Hi school in Birmingham wasn't much better. "When I was suicidal, I would


often break down in school. I would tell my form teacher: 'I'm really
struggling, I feel close to crisis'," he says now. "He referred me to the
headteacher, because he didn't know how to deal with me. The head got
very angry and asked why I was blackmailing my teachers."

Read more on Victoria Macdonald's blog: 'Serious problems' in


children's mental health services
During one particularly bad episode, in which he says he was hallucinating,
talking a lot, and "wasn't really in touch with reality", the school called an
ambulance and he was sent to A&E.

They said he couldn't come back until he was "stable" and he became an
in-patient over Easter - just before his GCSEs. At this mental health hospital,
he didn't come into contact with any health professionals for 12 whole days.
"It was an incredibly emotional time," he said. "It's very isolating, especially
when you don't have the nurses there or the professionals who aren't
supposed to be designated to you."

Sarah Brennan, chief executive of YoungMinds on the health select


committee report on child and adolescent mental health services: "For far
too long we have heard over and over again from young people and their
families about the overwhelming distress caused by lack of access to
mental health services.

"We have been told countless times of the intense frustration of mental
health professionals as they attempt to do their best for children, young
people and their families who are suffering on a daily basis. We hear from
teachers facing a tidal wave of mental health problems, and deep
frustration from professionals and commissioners asking us how can they
plan and deliver services when information on the scale of young people's
mental health problems is ten years out of date and their resources are
devastated.
"The health select committee report proves beyond all doubt that children
and young people's mental health services are facing a major crisis. The
publication of this report must be a pivotal moment in addressing this crisis,
our response has got to change, no longer can we sit back and pretend this
isn't happening."
Now 19, he says his treatment improved significantly once he was on the
right anti-psychotic drugs. He was able to go and take his GCSEs and Alevels.

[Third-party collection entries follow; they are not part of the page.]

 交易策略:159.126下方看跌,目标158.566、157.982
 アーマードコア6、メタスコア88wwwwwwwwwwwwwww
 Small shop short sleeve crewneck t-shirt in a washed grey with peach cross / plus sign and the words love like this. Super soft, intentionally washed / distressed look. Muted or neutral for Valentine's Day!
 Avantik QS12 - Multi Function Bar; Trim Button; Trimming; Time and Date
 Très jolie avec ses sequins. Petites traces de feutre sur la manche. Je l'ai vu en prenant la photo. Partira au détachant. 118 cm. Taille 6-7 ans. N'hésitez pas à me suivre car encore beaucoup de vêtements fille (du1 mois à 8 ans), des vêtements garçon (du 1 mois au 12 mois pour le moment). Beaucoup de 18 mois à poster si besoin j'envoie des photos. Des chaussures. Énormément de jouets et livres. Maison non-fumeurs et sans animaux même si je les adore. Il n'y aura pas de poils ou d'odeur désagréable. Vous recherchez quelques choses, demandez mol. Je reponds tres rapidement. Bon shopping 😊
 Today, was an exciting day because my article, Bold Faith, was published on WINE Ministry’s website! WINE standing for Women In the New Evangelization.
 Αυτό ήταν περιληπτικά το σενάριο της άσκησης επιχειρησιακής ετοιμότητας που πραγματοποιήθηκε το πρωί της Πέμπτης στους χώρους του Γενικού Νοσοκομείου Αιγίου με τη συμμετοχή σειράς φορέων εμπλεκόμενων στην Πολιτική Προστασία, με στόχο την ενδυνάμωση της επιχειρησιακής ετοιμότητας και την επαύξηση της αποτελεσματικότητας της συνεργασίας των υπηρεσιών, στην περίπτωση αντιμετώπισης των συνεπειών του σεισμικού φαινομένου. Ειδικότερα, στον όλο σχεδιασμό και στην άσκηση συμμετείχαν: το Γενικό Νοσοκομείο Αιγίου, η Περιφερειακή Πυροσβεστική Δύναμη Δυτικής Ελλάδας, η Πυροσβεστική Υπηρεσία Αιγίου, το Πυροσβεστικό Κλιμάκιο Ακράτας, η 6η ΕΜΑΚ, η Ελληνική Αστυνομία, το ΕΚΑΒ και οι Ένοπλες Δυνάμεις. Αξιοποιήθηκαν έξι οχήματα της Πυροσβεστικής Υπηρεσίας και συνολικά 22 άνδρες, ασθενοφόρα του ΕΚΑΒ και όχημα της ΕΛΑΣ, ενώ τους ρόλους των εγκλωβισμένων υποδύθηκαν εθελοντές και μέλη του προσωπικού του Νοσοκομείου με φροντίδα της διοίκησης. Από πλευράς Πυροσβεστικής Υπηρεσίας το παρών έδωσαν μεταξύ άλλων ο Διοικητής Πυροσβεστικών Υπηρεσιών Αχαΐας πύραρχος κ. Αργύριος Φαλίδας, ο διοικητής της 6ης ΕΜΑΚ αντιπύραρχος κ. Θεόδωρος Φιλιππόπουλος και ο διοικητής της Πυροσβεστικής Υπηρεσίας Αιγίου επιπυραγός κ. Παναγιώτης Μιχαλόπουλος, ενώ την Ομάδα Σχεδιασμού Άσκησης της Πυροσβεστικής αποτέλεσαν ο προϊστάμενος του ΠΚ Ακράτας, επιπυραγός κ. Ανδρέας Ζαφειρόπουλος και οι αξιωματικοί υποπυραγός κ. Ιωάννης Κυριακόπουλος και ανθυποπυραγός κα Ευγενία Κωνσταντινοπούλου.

But he welcomes today's report, particularly the call for more teacher
training and more joined up care, with communication between the various
strands of CAMHS (child and adolescent mental health services) support.

"The people I saw and my teachers, they wanted to help and wanted the
best for me," he said. "But it was a case of not knowing where to turn.
"Training on that and more confidence from teachers to know where to go
would mean the situation could be handled much better."